This is a submission for the Hermes Agent Challenge
TL;DR: Hermes Agent is the only open-source agent that gets better at your specific work without you touching anything. I ran it on the same task every day for 7 days and watched the skill file evolve from a 12-line rough draft to a 60-line intelligent procedure. Here's every step, every output, and why this changes what I think an AI agent should be.
Every AI agent framework you've used starts from zero.
LangChain, AutoGen, CrewAI — they all do real work.
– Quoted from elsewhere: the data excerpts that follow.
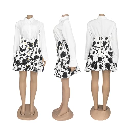 WOKANSE Festival Outfits for Women Lapel Button Down Long Sleeve Shirt Printed V Waist Puff Mini Skirt Suit 2
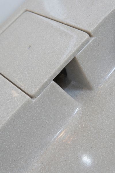 Раковина в ванную комнату для установки над стиральной машинкой бежевого цвета. Крепится на кронштейны, которые входят в комплект поставки. Верхний слой высококачественного гелькоута образует декоративно-защитное покрытие.
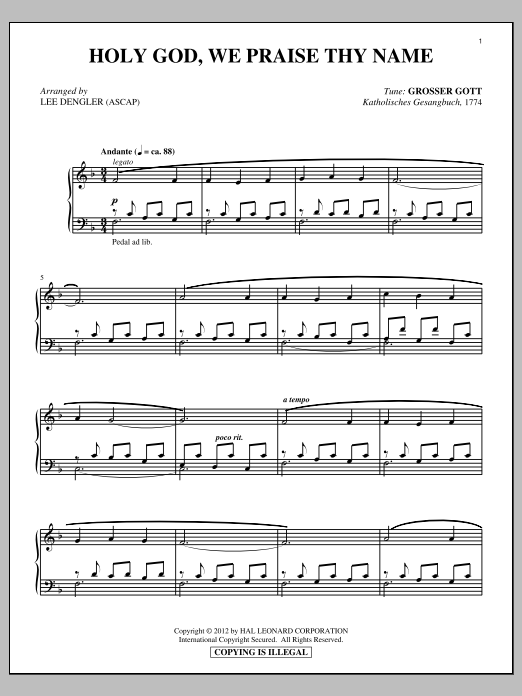 Quick facts Holy God, We Praise Thy Name about digital sheet music
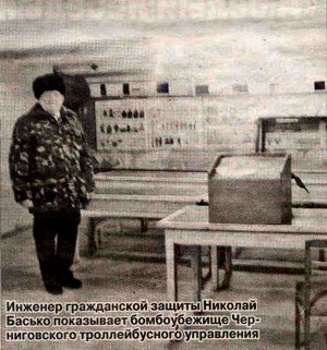 В Чернигове около 100 защитных сооружений, и только одно — под Кукольным театром- рассчитано на защиту от радиационного излучения. Эти сооружения есть на всех крупных предприятиях города, таких, как КСК, «Химволокно»,«Пивзавод» и др. Они относятся ко второй категории и прямого попадания сверхмощного оружия не выдержат, но от артобстрелов и от химических атак защитят. И в таких бомбоубежищах сможет пересидеть только работающая смена. Что касается людей, которые на момент атаки будут находиться дома, то работники соответствующих ЖЭКов и ЖРЭУ должны заранее сообщать жителям, где находятся такие сооружения и как туда попасть. Могу сказать, что почти все бомбоубежища в нормальном состоянии.

Multi-step planning, tool use, parallelism. But you close the terminal, restart the session, and the agent that spent twenty minutes figuring out exactly how to handle your data structure has forgotten all of it. You're back to square one.
We've been so focused on what agents can do that nobody's asking what they keep.
That's the question Hermes Agent is actually answering. And after running it daily for a week, I can tell you: the difference between Day 1 and Day 7 isn't marginal. It's a different agent.
The Setup
I run a web app that deals with a lot of research — new models, framework updates, open-source releases. Every morning I was manually scanning HackerNews, arXiv, and GitHub to find the 3-4 things that actually mattered. 30-40 minutes. Boring, repetitive, and I kept missing things because I can only read so fast.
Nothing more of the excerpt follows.